RELIGIE OPARTE A WIERZE W BOGA

Kampanie te — niezależnie od tego, czy znajdują się w szatańskim i po mistrzowsku realizowanym programie światowej dywersji czy nie — rozwijają się w tym samym czasie co największe w dziejach nasilenie materializmu. W samym zjawisku tkwi pewna sprzeczność. Ludzie domagający się wolności dla siebie, odmawiają jej innym. Rzadko wolność była tak zagrożona jak w naszych czasach: narzuca się ją siłą. To w imię wolności podporządkowuje się opinię publiczną sterowanej informacji, narzuca się rodzicom te lub inne formy wychowania i nauczania, ogranicza się wolność działania, wywiera nacisk na wybór zawodu, ogranicza się lub nawet znosi wolność religii. „Dopóki istnieje państwo, nie ma wolności — pisał Lenin w Państwie i rewolucji — gdy zapanuje wolność, zniknie państwo”.

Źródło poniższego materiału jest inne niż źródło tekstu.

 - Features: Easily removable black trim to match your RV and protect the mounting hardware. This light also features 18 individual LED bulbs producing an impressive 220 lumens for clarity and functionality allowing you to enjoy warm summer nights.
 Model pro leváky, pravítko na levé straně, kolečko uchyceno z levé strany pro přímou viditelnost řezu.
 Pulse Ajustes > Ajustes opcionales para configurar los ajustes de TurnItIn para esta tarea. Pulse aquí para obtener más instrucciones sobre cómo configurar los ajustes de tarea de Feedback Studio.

Przypływ materializmu nie może pozostawić obojętną władzy duchownej, niezależnie od wspólnoty religijnej, którą kieruje lub którą animuje. Jednakże reakcje są dość odmienne.

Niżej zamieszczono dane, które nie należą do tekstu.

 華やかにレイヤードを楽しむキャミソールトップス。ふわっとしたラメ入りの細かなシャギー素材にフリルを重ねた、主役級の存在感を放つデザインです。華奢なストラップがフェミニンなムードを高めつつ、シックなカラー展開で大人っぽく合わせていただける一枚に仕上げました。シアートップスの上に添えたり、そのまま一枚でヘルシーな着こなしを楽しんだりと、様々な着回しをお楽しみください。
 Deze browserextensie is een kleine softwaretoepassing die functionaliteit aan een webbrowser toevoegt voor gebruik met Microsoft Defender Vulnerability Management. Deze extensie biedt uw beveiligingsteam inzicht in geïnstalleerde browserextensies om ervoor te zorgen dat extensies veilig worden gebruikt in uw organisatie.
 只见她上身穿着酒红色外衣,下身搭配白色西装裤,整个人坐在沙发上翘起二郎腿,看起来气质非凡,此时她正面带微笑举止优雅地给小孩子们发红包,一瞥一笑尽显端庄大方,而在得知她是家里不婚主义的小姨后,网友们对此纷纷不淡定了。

Religie oparte na wierze w Boga są z pewnością najbardziej czujne, nastawione na ochronę swych wiernych przed materializmem, są one również najbardziej żarliwe w zwalczaniu materializmu zarówno na płaszczyźnie doktrynalnej, jak i duszpasterskiej. Inne religie dają wyraz zaniepokojeniu, ale względy często obce duchowi religijnemu skłaniają je do większej powściągliwości.

Antagonizm między wiarą i materializmem dialektycznym jest pełny i absolutny: są one równie nie do pogodzenia jak woda i ogień. Niektórzy jednak, nawet — a być może przede wszystkim w łonie Kościołów chrześcijańskich — marzą o utopijnej przemianie, która umożliwiłaby ten mariaż wody z ogniem. Prawdą jest, że rzecznicy materializmu dialektycznego po mistrzowsku prowadzili przez wiele dziesiątków lat ofensywną akcję sprowadzania religii do bardzo niedogodnej pozycji obronnej, aby zamknąć je w wewnętrznych pseudosprzecznościach. Do maksimum wykorzystano sprzeczności między doktryną i faktami, na przykład między nauczaniem Ewangelii i „wyzyskiem kapitalistycznym”.